Sixty percent is no small margin. It practically guarantees that the Loglan Advantage will prove a robust one, that it is more than merely likely to survive whatever hardening we or others give these numbers. All of this means that for those of us who are still Loglanists—and I trust that that number has grown, not diminished, during the course of this exercise—one of the most important scientific tasks ahead of us is to replicate those early learning experiments of mine using our now much richer pool of lexical materials as well as large-sample, cross-cultural experimental designs. With the results from such experiments in hand—and they’ll be more sensitive than my early engineering tests were, if only because they’ll involve larger samples—we can calculate the true learnability of Loglan to any degree of precision we desire (and can afford). Indeed, we can compare Loglan systematically to other candidate languages on these and other crucial matters.

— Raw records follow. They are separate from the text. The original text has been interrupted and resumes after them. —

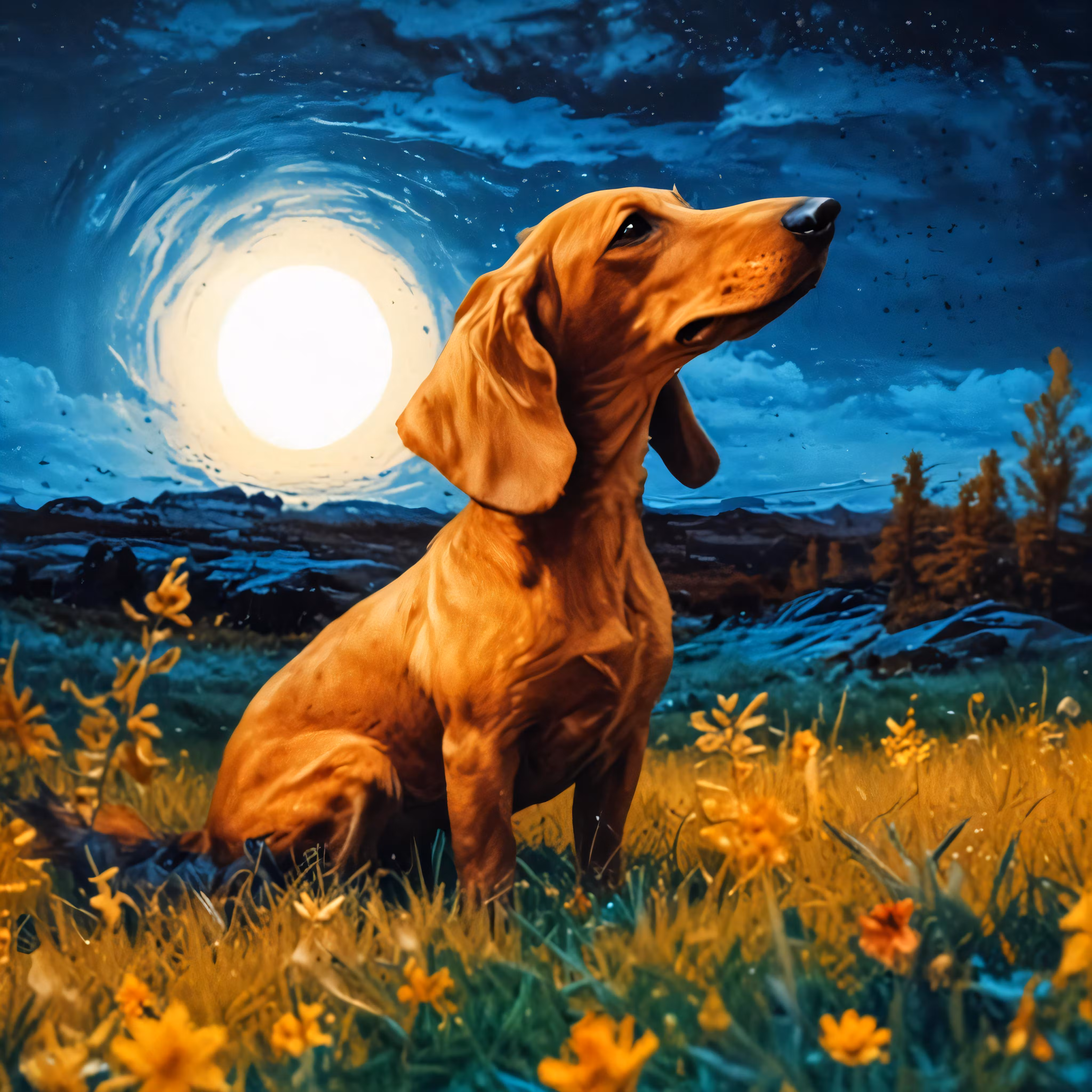 High resolution picture, free to use, a dog sitting on a grassy field next to the moon
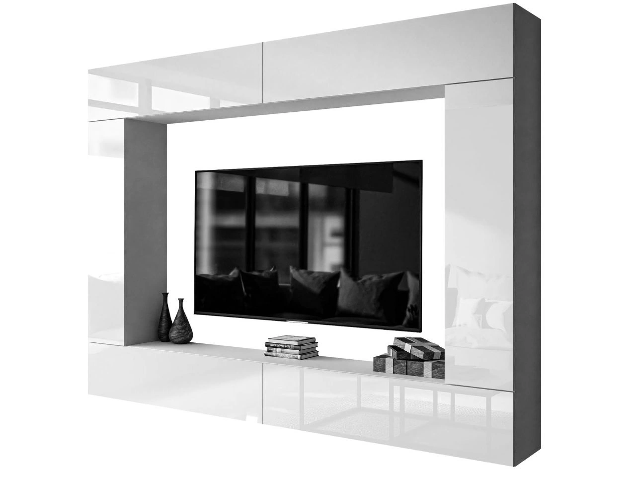 Wohnwand mit TV-Lowboard bietet eine enorme Funktionalität dank ihrer durchdachten Aufteilung – der obere Teil ist in vier Fächer unterteilt, der untere Bereich ebenfalls in vier weitere, und ergänzt wird das Ganze durch zwei hohe Seitenschränke mit zusätzlichen Ablagen, die noch mehr Stauraum bieten. Die Fronten in Hochglanz verleihen dem Möbelstück Eleganz, lassen den Raum optisch größer wirken und unterstreichen seinen modernen Charakter, sodass die gesamte Wohnwand perfekt in jedes zeitgemäße Wohnzimmer passt.
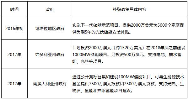 2016年9月南澳大利亞州發(fā)生大范圍停電事故,引起全國(guó)性能源安全的討論。因此抽水蓄能、電池陣列等儲(chǔ)能技術(shù)等電網(wǎng)大規(guī)模儲(chǔ)能技術(shù)成為能源領(lǐng)域的焦點(diǎn)。澳大利亞各州政府相繼推出一系列資金扶持性措施推動(dòng)儲(chǔ)能示范性項(xiàng)目的建立。

I thank Rex for bringing the importance of the learnability question to our attention again. Involved as I have been in engineering other aspects of Loglan in the last decade or so, I had not thought about learnability for some time. And Rex’s inspired antithesis to my ancient composite-word making thesis brought about precisely the sort of surprising synthesis that Hegel conjectured was the creative force that drives the history of ideas. Hegel’s own thesis seems oversimple now, in the last years of the 20th Century. But however that may be, I can personally attest that I would most likely never have made these calculations, or stumbled onto the happy conclusion to which they apparently lead—obvious as it may be to my daughter Jenny, who, as the world’s first nativeborn logli (I was writing the first edition of Loglan 1 as she lay there chortling in her Paris crib, and that does make her Loglandia’s first native, I suppose), may very well have a leg up on the rest of us (soi smile)—had I not had the pleasantly antithetical phenomenon of Rexlan to deal with. I am sorry that the figures come out so badly for the procedure Rex favors. Perhaps prima facie fairness is more important than learnability; I do not know. But with or without Rex's word-making procedure, the language whose outlines he has put before us is certainly an intriguing one. I hope he will continue to work on it, and report back to us from time to time. Rex’s new address is PO Box 9, Bellvue, CO 80512, in case anyone would like to communicate directly with him about what may very well become a new international language project.